╭─ AVAILABLE DATA
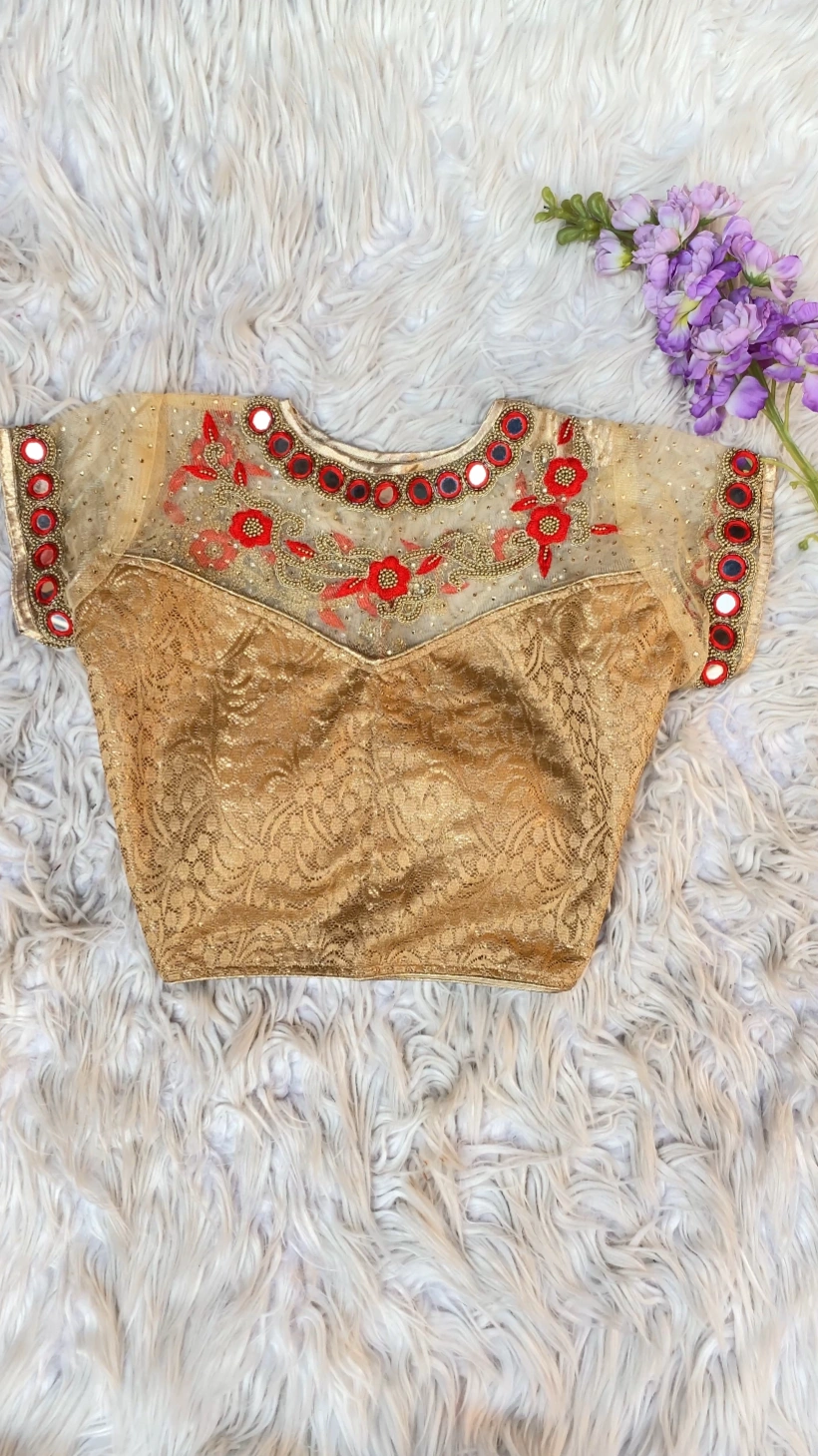 Exude timeless elegance with our Golden Heirloom Floral Mirror Work Blouse, crafted to celebrate traditional artistry with a refined finish. The blouse features a rich gold lace fabric base that adds texture and subtle shimmer, making it a perfect choice for festive and ceremonial wear.
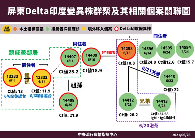 此外,有關屏東COVID-19 Delta印度變異株群聚及其相關感染事件,目前累計12例確定病例,其中6例經基因定序後,均為Delta印度變異株,分別為秘魯境外移入確診祖孫2人(案13332、13333)及案14298、14407、14408、14409。
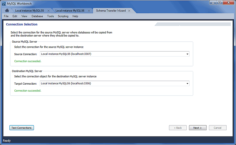 Choose your target and source MySQL connections (see the figure that follows). After choosing and testing your MySQL connections, click to continue.
╰─
_PROBLEM TO WORK ON_
Would you return all of the data above word for word, omitting every picture?

_TASK ANSWER_
 Exude timeless elegance with our Golden Heirloom Floral Mirror Work Blouse, crafted to celebrate traditional artistry with a refined finish. The blouse features a rich gold lace fabric base that adds texture and subtle shimmer, making it a perfect choice for festive and ceremonial wear.
 此外,有關屏東COVID-19 Delta印度變異株群聚及其相關感染事件,目前累計12例確定病例,其中6例經基因定序後,均為Delta印度變異株,分別為秘魯境外移入確診祖孫2人(案13332、13333)及案14298、14407、14408、14409。
 Choose your target and source MySQL connections (see the figure that follows). After choosing and testing your MySQL connections, click to continue.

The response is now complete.